Грета, затушив сигарету, отправила неодобрительный взгляд Ван Гогу с отрезанным ухом на стене (или, точнее, совсем без уха).
– Этот – единственный из всех, – задумчиво произнесла она, – кто ни словом не обмолвится о походах на природу.
Мы на мгновение покинем Лизе и Грету: у них всё хорошо, и они ни в ком не нуждаются. Пока они мило и весело болтают о неистовой склонности кандидатов в мужья к путешествиям на природе, мы позволим ночи за окном замереть – пусть она хотя бы разок вздремнет, а утро наступит пораньше. Где-то лежала Милле и разглядывала матовыми глазами-изюминками моего бедного Вильхельма, в котором ей еще не удалось убить воспоминания о нашей с ним сырой, жестоко-яростной и нежной жизни. Но она запаслась терпением. Ей потребовалось два года, чтобы перетащить его из одной постели в другую, теперь же торопиться некуда. Он болен, напуган и беспомощен, но она поставит его на ноги, поскольку, в отличие от маковых барышень, верит: то, что она называет любовью, может творить чудеса. Для начала она потерла ему спину (мой Вильхельм, ведь он принимал ванну лишь на праздник Богоявления), одела в чистую пижаму и уговорила съесть миску супа. Всё вместе это очень разумно и одновременно очень нелепо. И вдруг Милле вся затрепетала, как маленькая хилая птаха. Это чисто физическая усталость. Она пахала как лошадь, чтобы спасти этого редкого и ценного человека от отношений, которые едва не убили его. Несколько месяцев она наблюдала, как он пичкал себя виски и снотворным, которые ей приходилось заказывать по телефону: она ни на секунду не могла оставить его одного. Милле не перебивая слушала его ненавистные и горькие жалобы о брошенной им женщине, как ей казалось, незнакомой, хотя однажды она потерла ей спину. Милле потерла спину и нашему бесприютному мальчику, пока его дорогое лицо не начало расходиться по швам так, что она могла заталкивать в смеющиеся трещины витаминные пилюли и здоровую еду.

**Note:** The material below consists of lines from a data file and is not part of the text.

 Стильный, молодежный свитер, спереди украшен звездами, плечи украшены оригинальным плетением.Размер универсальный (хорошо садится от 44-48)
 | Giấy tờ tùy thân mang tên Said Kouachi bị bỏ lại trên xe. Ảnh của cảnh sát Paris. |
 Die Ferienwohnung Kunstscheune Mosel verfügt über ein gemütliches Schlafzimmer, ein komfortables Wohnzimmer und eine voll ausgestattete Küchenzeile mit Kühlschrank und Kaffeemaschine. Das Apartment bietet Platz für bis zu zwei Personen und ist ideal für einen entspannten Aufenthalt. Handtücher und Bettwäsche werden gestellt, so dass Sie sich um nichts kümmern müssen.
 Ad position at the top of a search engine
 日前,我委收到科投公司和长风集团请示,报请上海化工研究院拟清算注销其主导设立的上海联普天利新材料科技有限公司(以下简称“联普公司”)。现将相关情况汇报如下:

Время от времени она слышала сладкие пожелания спокойной ночи, предназначенные другой, и смирилась с тем, что он называет ее чужим именем в те мгновенья коротких отчаянных объятий, которыми было просто невозможно насладиться. Злая Милле устала. Ее злоба заключалась лишь в том, что она не могла смотреть на несчастных людей без того, чтобы не попытаться осчастливить их. И несчастные тянулись к ней, словно обезображенные и умирающие к святому источнику. Они обступали ее, как ядовитые грибы, скорее красивые, чем опасные, если их просто оставить расти в покое. Но Милле не могла оставить в покое темные и непроницаемые умы. Ей нужно было снять гниль с дерева, хотя именно эта гниль и держала его. Ее неутомимость внушала страх и подводила ее только перед лицом полного изнеможения. На мгновение тонкий червячок сомнения закрадывался в ее сердце при виде бледного лица Вильхельма, испещренного каплями пота.

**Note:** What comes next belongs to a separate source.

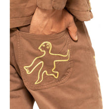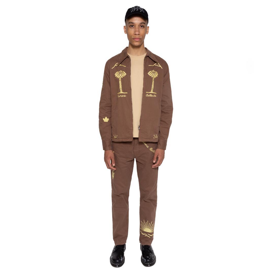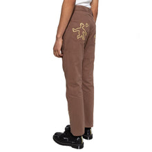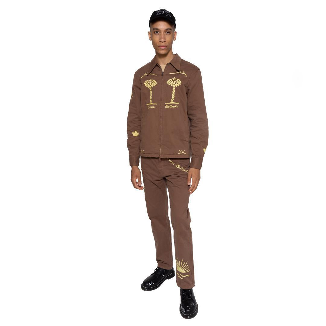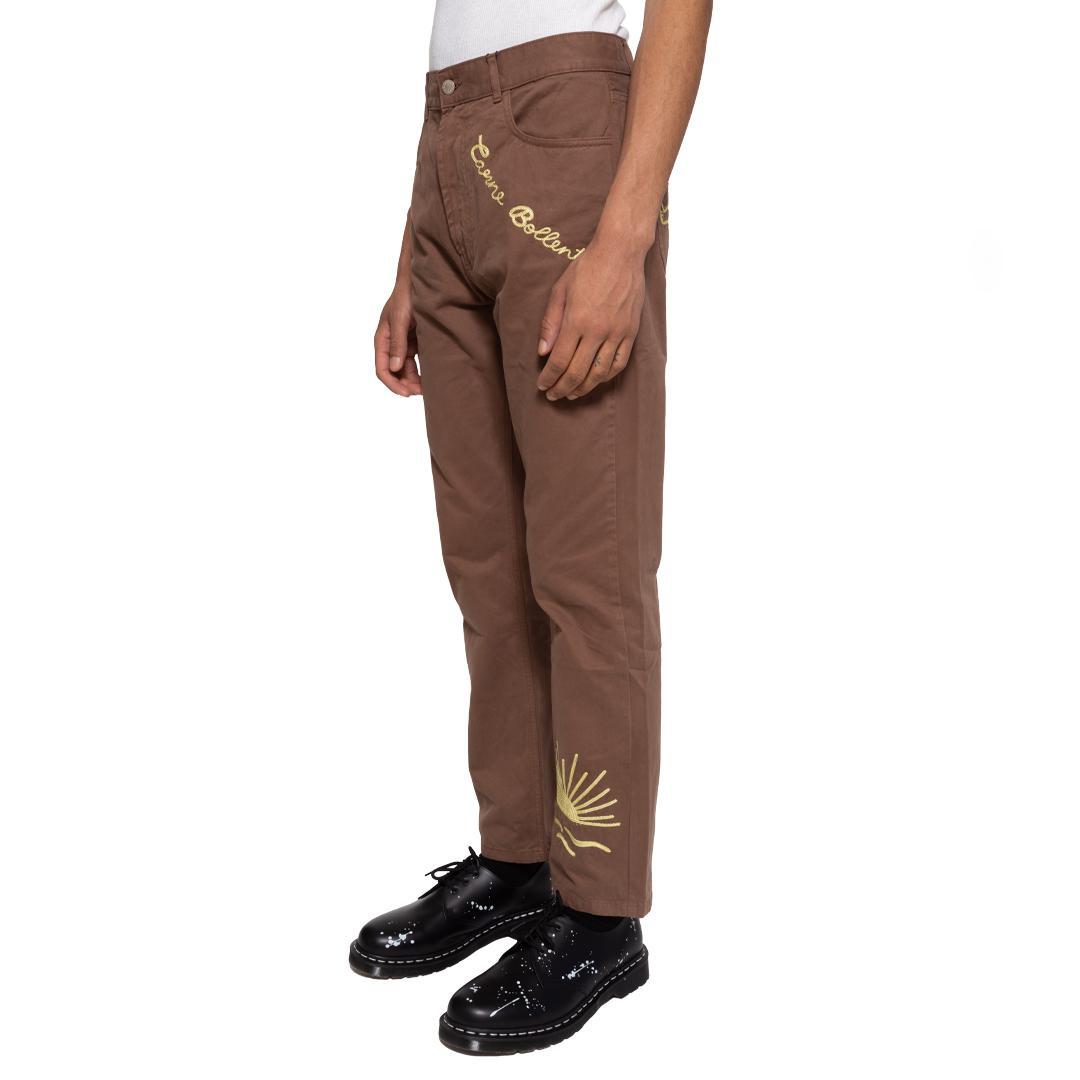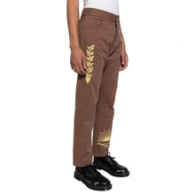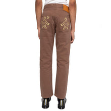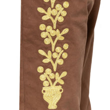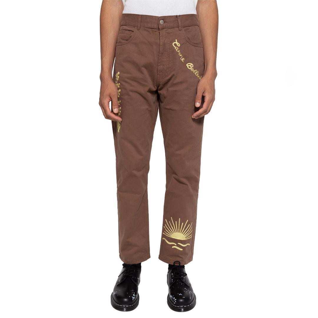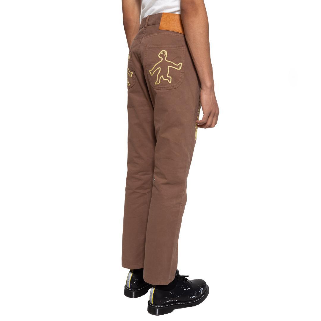 From Carne Bollente Spring/Summer 22. Brown straight leg trouser with yellow Nature pattern embroideries on thigh and ankle. Logo embroidery on hip. Loving embroideries on back pockets. Straight leg high rise jeans.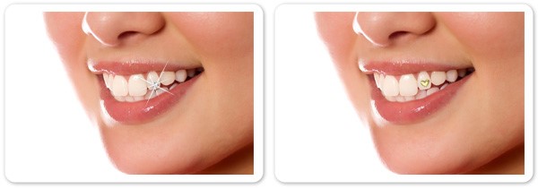 Tooth jewellery is of two kinds tooth jewels, and twinkles that are attached to the anterior healthy tooth with composite resin cement. They sparkle brightly, sprinkling brilliant rays around them and accentuating the normal whiteness of enamel and add value to a smile. They are attached to the tooth without pain, infection, drilling.

И ее мы тоже оставим спать, пока ночь по моей команде затаила дыхание. Порочная и невинная Милле, чья настоящая сила состояла в отсутствии таланта, растянулась всем своим здоровым правильным крестьянским телом с теплыми и мягкими сосками, опустила тяжелые веки, чуть голубоватые из-за темных зрачков под ними. Просто невозможно не любить Милле хотя бы немного, но не больше, чем эту гнусную фру Томсен, Курта, Грету и Лизе Отсутствующую, потому что я присутствую во всех них – присматриваю за ними, пока ночь дремлет.
Но пора будить Курта, если он хочет успеть на поезд в Роскильде в одежде покойного, которую фру Томсен уже извлекла скрюченными руками из укромных тайников.

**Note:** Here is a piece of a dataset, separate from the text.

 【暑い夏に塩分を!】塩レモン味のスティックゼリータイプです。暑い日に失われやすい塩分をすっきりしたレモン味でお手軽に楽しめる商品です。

Они приближались к пивной, каждый со своей стороны, эти два человека, ставшие друг для друга единственной возможностью. Смех ночи разлетался позади Лизе, и хотя Грета и завязала ей грубую зюйдвестку шнурком под самым подбородком, холодный дождь всё равно впивался в лицо жесткими острыми когтями, проходящими сквозь слой коричневых румян – ими Грета пыталась смягчить двадцатилетнюю разницу в возрасте. Несколько прядей свежевымытых волос вырвались из прически чайной дамы[2]. Ее перед зеркалом в ванной Грета сооружала несколько часов при помощи медсестры из отделения, которая, может, что-то и понимала в психических заболеваниях, но совершенно не разбиралась, как должна выглядеть женщина на таком странном рандеву. Словно куропатка, волочащая за собой сломанное крыло, Лизе сделала несколько последних шагов по мокрой грунтовой дорожке – неловко и вприпрыжку, серые глаза под ресницами с толстым слоем туши не отрывались от соломенной крыши пивного заведения. Страх, что Грету выпишут во время ее отлучки – хотя только Лизе разрешили покинуть палату до прихода главврача, – был единственным в мире и отгонял всякие мысли об ожидавшем ее юноше. Так и Курту Охотнику страх никогда больше не увидеть фру Томсен мешал получить хоть какое-то впечатление о Лизе, когда она расположилась напротив него с улыбкой на накрашенных губах – они дрожали, словно у ребенка, готового расплакаться.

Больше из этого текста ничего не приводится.